Il appartient en conséquence au juge du fond de décider souverainement en fait si l’activité exercée l’est de manière significative ou marginale.

En l’espèce, pour les motifs qu’il a dégagés, l’arrêt de fond a dit pour droit que pour les 26 travailleurs en cause, il n’y a pas d’éléments établissant l’exercice d’activités sur le territoire de plusieurs Etats membres conformément aux critères ci-dessus (les deux règlements). Ils doivent donc être assujettis à la sécurité sociale belge.

Intérêt de la décision

Cet arrêt de la Cour de cassation a repris les critères du Règlement 987/2009 avant sa modification par le règlement 465/2012 entré en vigueur le 27 juin 2012.

Les règles actuelles sont reprises à son article 14, qui contient des définitions relatives aux articles 12 et 13 du règlement de base. Celui-ci précise différents concepts, à savoir :

  • la personne qui exerce une activité salariée dans un État membre pour le compte d’un employeur y exerçant normalement ses activités, et que cet employeur détache dans un autre État membre
  • les termes « y exerçant normalement ses activités » ainsi que « qui exerce normalement une activité non salariée »,
  • le critère pour déterminer si l’activité que peut effectuer un travailleur non salarié dans un autre État membre est « semblable » à l’activité non salariée normalement exercée,
  • la notion de personne qui « exerce normalement une activité salariée dans deux ou plusieurs États membres »,
  • la notion de « siège social ou siège d’exploitation »,
  • la personne qui « exerce normalement une activité non salariée dans deux ou plusieurs États membres ».

Il ajoute que la durée de l’activité exercée dans un ou plusieurs États membres (qu’elle soit de nature permanente ou ponctuelle et temporaire) est un facteur déterminant.

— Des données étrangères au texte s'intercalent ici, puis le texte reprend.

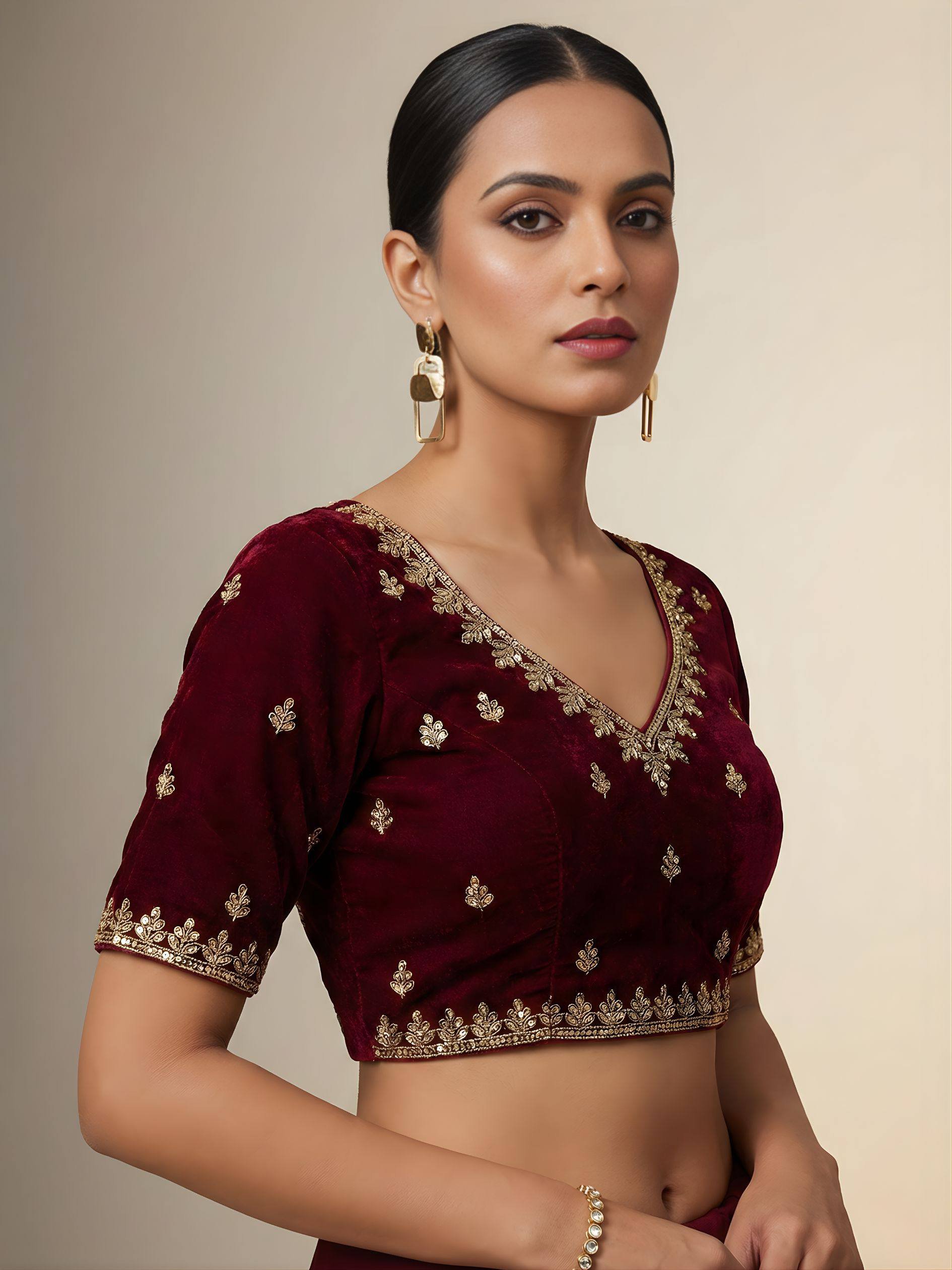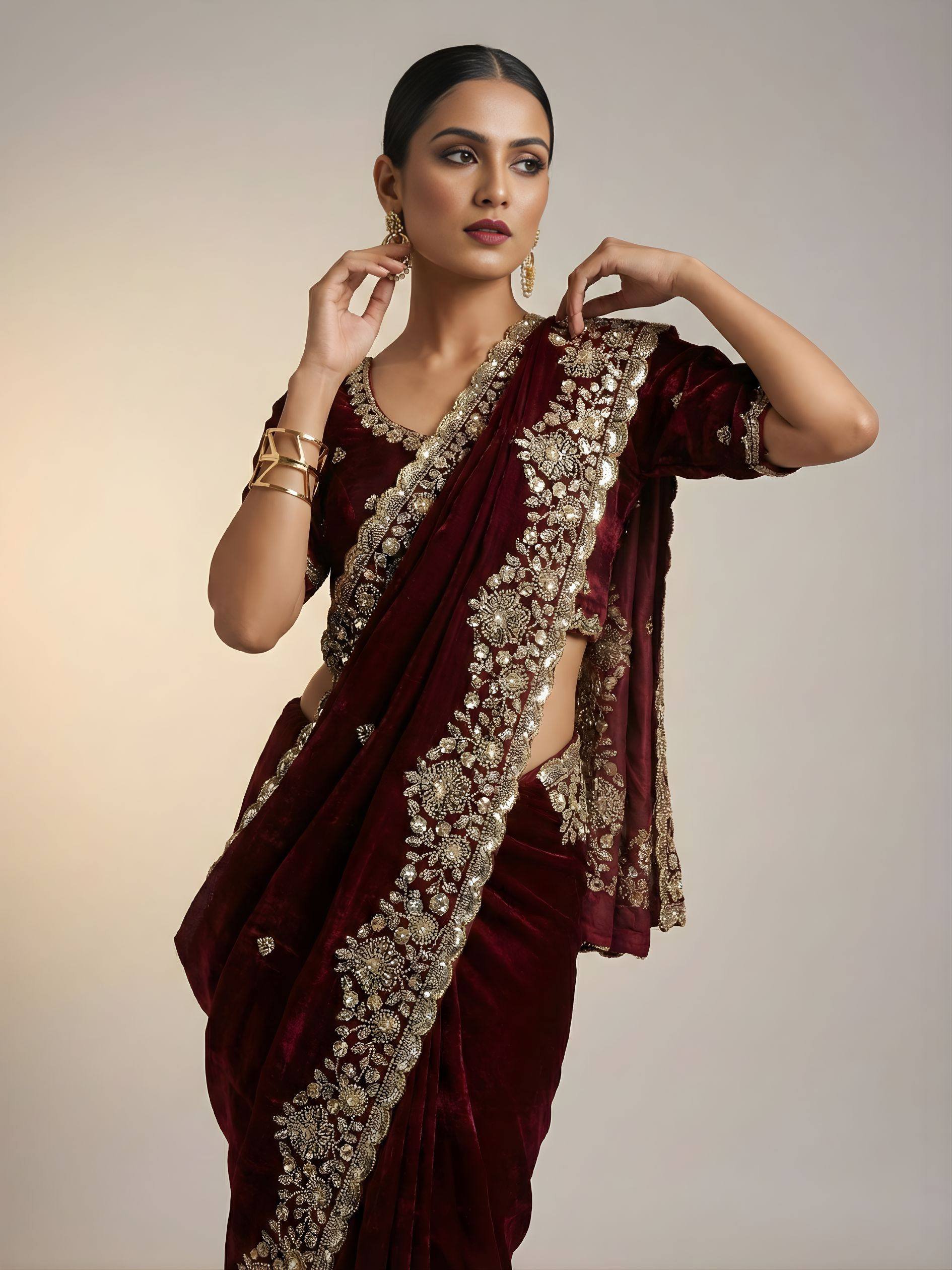 Maroon Gold Cutdana Beads, Sequins Embroidered Partywear Saree (SC55518)

Ajoutons encore qu’est actuellement précisé ce qu’il faut entendre par « partie substantielle d’une activité salariée ou non salariée » exercée dans un État membre : ceci signifie qu’une part quantitativement importante de l’ensemble des activités du travailleur salarié ou non salarié y est exercée, sans qu’il s’agisse nécessairement de la majeure partie de ces activités. Pour déterminer si une partie substantielle des activités est exercée dans un État membre, il est tenu compte des critères indicatifs qui suivent :

a) dans le cas d’une activité salariée, le temps de travail et/ou la rémunération et
b) dans le cas d’une activité non salariée, le chiffre d’affaires, le temps de travail, le nombre de services prestés et/ou le revenu.

Dans le cadre d’une évaluation globale, la réunion de moins de 25 % des critères précités indiquera qu’une partie substantielle des activités n’est pas exercée dans l’État membre concerné.

Enfin, pour l’application de l’article 13, paragraphe 2, point b), du règlement de base, le « centre d’intérêt » des activités d’un travailleur non salarié est déterminé en prenant en compte l’ensemble des éléments qui composent ses activités professionnelles, notamment le lieu où se trouve le siège fixe et permanent des activités de l’intéressé, le caractère habituel ou la durée des activités exercées, le nombre de services prestés ainsi que la volonté de l’intéressé telle qu’elle ressort de toutes les circonstances.